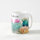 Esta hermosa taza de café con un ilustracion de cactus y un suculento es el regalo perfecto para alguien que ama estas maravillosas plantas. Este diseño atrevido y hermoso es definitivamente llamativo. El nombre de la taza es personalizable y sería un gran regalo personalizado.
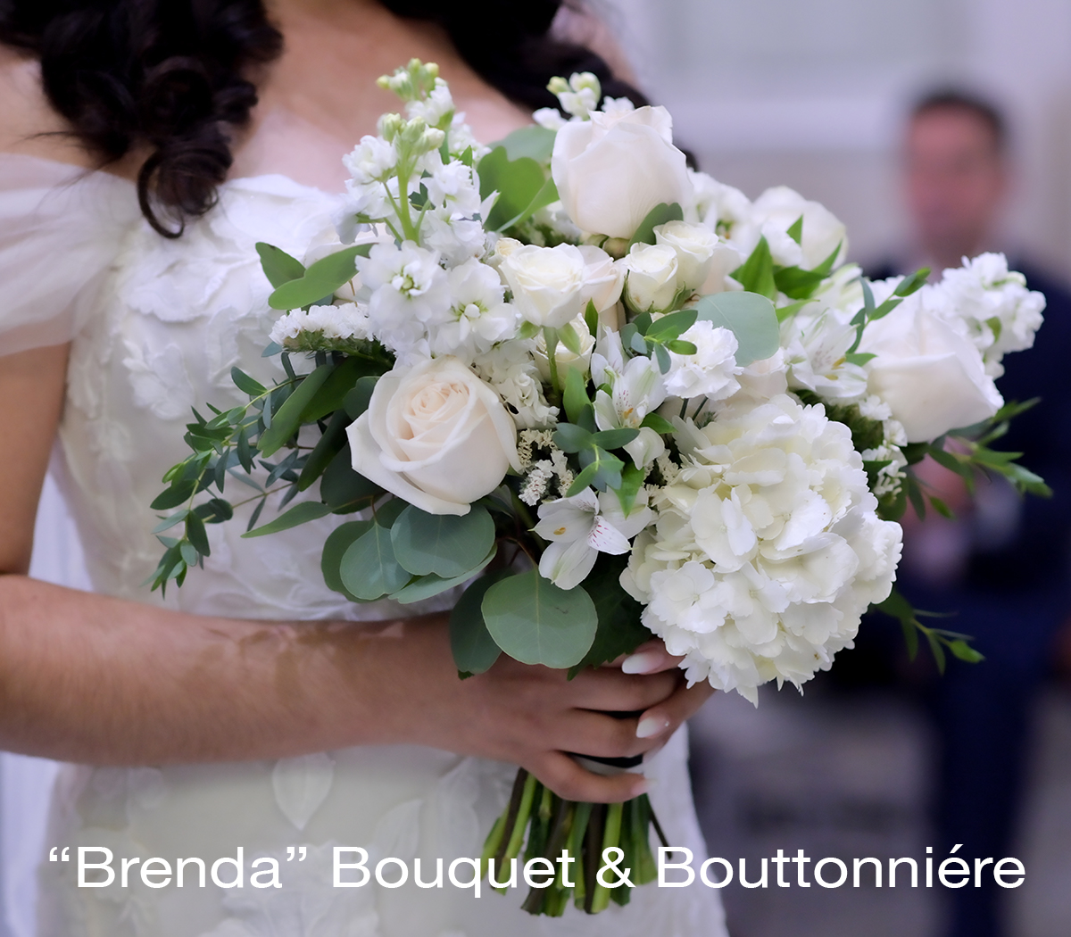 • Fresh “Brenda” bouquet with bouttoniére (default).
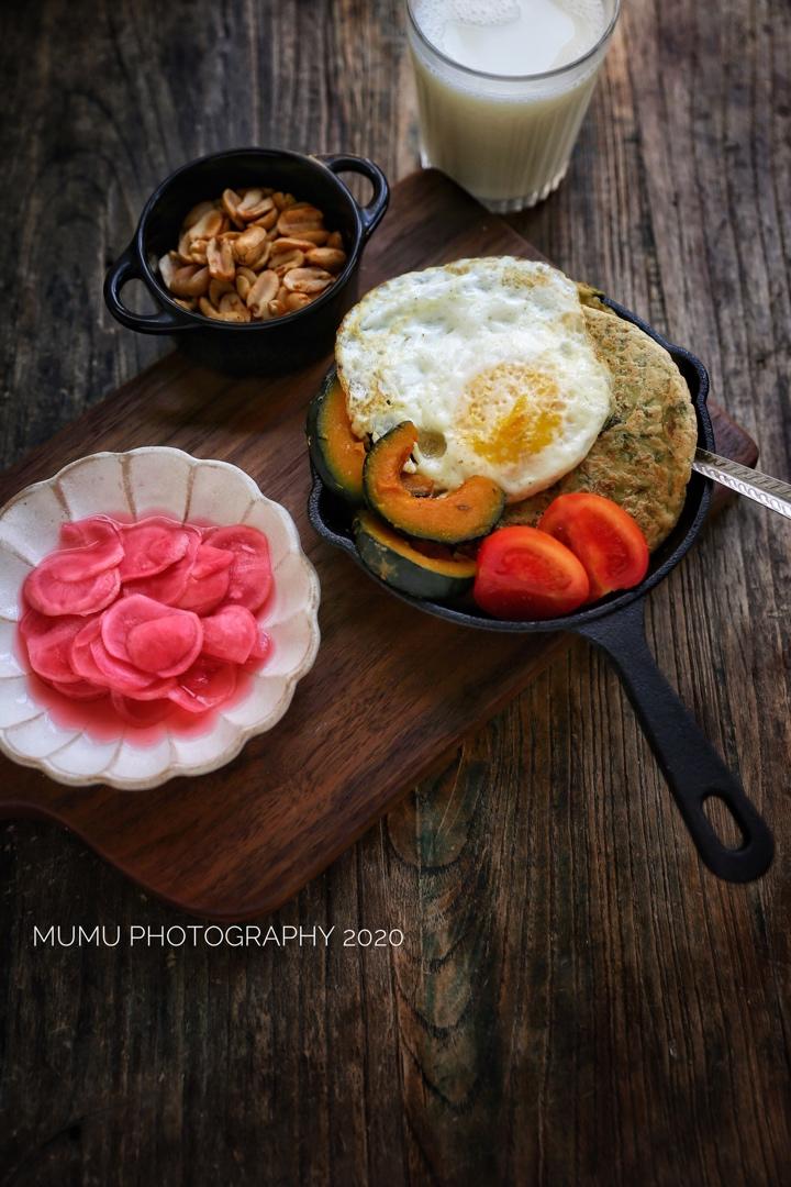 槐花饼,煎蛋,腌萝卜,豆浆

::::

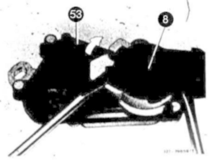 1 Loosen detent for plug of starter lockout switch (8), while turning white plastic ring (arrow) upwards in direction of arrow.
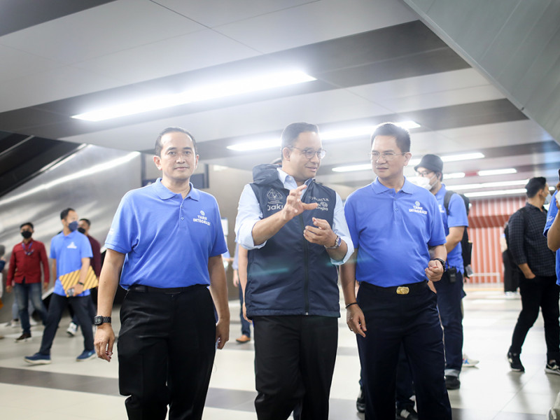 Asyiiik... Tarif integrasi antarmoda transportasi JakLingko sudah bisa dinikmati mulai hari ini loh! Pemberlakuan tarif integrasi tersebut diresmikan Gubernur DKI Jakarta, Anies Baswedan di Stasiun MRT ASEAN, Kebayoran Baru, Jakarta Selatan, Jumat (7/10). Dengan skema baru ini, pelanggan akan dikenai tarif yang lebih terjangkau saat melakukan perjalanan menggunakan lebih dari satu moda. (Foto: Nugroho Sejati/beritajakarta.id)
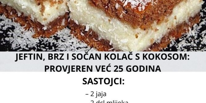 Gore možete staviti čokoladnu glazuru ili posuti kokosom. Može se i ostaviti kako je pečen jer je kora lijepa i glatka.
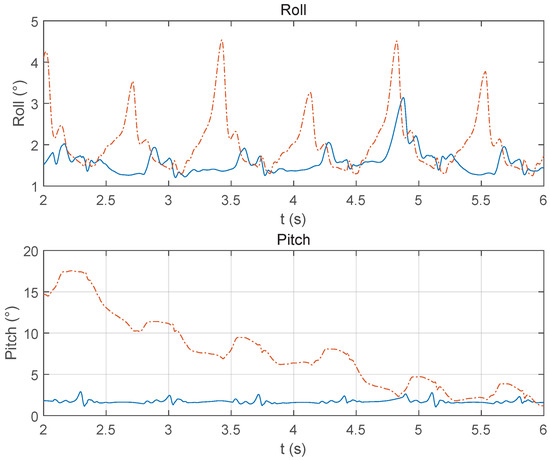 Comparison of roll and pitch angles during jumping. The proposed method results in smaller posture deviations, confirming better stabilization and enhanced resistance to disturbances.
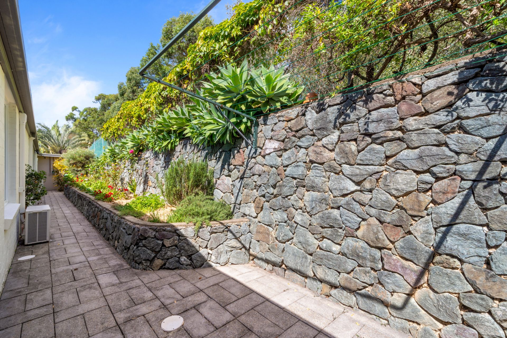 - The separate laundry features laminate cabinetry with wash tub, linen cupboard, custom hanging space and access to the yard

::::

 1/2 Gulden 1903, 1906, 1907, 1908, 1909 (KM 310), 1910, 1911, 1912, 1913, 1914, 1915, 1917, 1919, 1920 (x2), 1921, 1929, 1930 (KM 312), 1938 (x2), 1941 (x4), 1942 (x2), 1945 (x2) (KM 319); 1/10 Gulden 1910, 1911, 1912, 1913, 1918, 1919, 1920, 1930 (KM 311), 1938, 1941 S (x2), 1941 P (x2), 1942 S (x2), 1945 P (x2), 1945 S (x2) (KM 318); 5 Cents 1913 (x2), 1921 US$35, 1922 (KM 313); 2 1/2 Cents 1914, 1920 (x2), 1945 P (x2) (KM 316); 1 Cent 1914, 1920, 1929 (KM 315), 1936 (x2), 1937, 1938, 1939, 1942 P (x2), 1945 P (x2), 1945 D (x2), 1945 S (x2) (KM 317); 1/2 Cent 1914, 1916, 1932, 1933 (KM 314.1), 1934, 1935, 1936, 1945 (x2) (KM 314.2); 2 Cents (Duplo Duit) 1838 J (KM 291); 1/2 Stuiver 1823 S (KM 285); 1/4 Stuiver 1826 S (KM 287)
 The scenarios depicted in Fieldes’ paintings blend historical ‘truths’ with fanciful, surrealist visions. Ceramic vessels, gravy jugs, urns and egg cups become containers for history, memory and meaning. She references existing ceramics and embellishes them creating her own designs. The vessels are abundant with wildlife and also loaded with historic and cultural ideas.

::::

▸ Task details
Your answer must be the exact lines from the records above, from the one containing "1 Loosen detent" through the one containing "- The separate", both included, with every picture left out.

▸ Task solution
 1 Loosen detent for plug of starter lockout switch (8), while turning white plastic ring (arrow) upwards in direction of arrow.
 Asyiiik... Tarif integrasi antarmoda transportasi JakLingko sudah bisa dinikmati mulai hari ini loh! Pemberlakuan tarif integrasi tersebut diresmikan Gubernur DKI Jakarta, Anies Baswedan di Stasiun MRT ASEAN, Kebayoran Baru, Jakarta Selatan, Jumat (7/10). Dengan skema baru ini, pelanggan akan dikenai tarif yang lebih terjangkau saat melakukan perjalanan menggunakan lebih dari satu moda. (Foto: Nugroho Sejati/beritajakarta.id)
 Gore možete staviti čokoladnu glazuru ili posuti kokosom. Može se i ostaviti kako je pečen jer je kora lijepa i glatka.
 Comparison of roll and pitch angles during jumping. The proposed method results in smaller posture deviations, confirming better stabilization and enhanced resistance to disturbances.
 - The separate laundry features laminate cabinetry with wash tub, linen cupboard, custom hanging space and access to the yard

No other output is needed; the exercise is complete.